The optimization tended to turn off the Raman cooling after five stages because the cloud temperature $T$ was below the effective recoil temperature [25] where Raman cooling, even with optimal parameters, becomes too slow, while leading to trap loss and heating due to light-assisted collisions [35]. The Bayesian optimization recognized this and shut down the Raman cooling at this point, with the atomic gas close to condensation. Subsequently, at higher compression which is primarily achieved by increasing the vertical beam power, the horizontal trap power is reduced and atoms are efficiently evaporated along the direction of gravity in the tilted potential [20] (see the movie in the SM [34]). Note also that once the atoms have been loaded into the crossed-trap region (after $t=350$ ms), the algorithm makes all trap vibration frequencies similar, which provides the fastest overall thermalization, and hence largest cooling speed.
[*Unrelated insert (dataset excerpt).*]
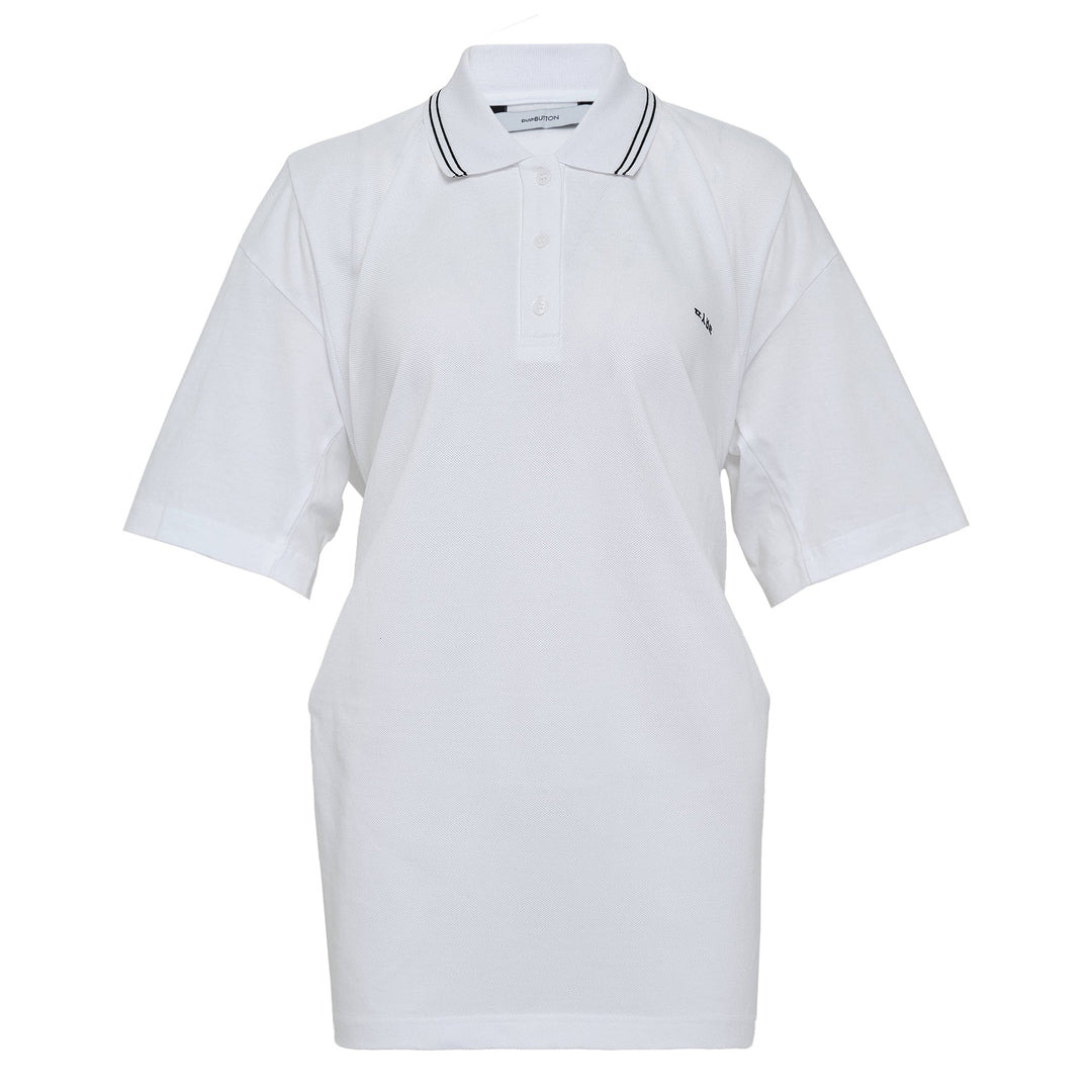 pushBUTTON White Apron Wrap Pique Top

The BEC is fully prepared at the end of the evaporation stages, $575\ \mathrm{ms}$ after the start of the MOT loading. The final cloud contains $3.7\times 10^{3}$ total atoms and is shown in Fig. 3(b). A bimodal fit of the cloud indicates that $2.8\times 10^{3}$ atoms (76 %) are in the BEC. Although the sequence was optimized for speed rather than efficiency, the initial cooling occurs with a logarithmic slope $\gamma=\mathrm{d}(\log\mathrm{PSD}_{\mathrm{c}})/\mathrm{d}(\log N)\approx 16$ .

Cost function impact.—The atomic gases produced by sequences optimized for different values of $\alpha$ are presented in Fig. 4, as well as the results when optimizing for total atom number ( $N$ ). Larger values of $\alpha$ result in more atoms, but at higher temperature and lower condensate fraction, while smaller values of $\alpha$ produce purer BECs, but with fewer atoms overall. Setting $\alpha$ to $0.5$ was found to make a reasonable compromise (orange curve in Fig. 4); so that value was used for the final full-sequence optimization which yielded the data presented in Fig. 2.

Outlook.—In conclusion, we have demonstrated that Raman cooling with far detuned optical-pumping light combined with a final evaporation can rapidly produce BECs with a comparatively simple apparatus, even with a standard alkali atom which lacks narrow optical transitions. Bayesian optimization greatly eased the search for a short sequence to BEC, quickly discovering initially unintuitive yet high-performing sequences. Inspection of the parameters chosen by the algorithm reveals several physical strategies, such as adjusting a collision rate close to, but below the trap vibration frequencies to maximize the thermalization and cooling speed while minimizing density-dependent atom loss, non-adiabatic loading into the crossed-trap dimple, and creating a nearly isotropic trap for efficient evaporation. In future applications, faster condensation can likely be achieved by including dynamical tuning of trap size [21], while user intervention may be further reduced by factoring the sequence length into the assigned cost [14]. We anticipate that many other experimental procedures in atomic physics and beyond can be improved by machine learning.

Acknowledgements.

The authors would like to thank Martin Zwierlein for inspiring physics discussions, and Michael Hush, Harry Slatyer, Philip Starkey, Christopher Billington, and Russell Anderson for stimulating discussions and software assistance. This work was in part supported by the NSF, NSF CUA, NASA, DoE, and MURI through AFOSR.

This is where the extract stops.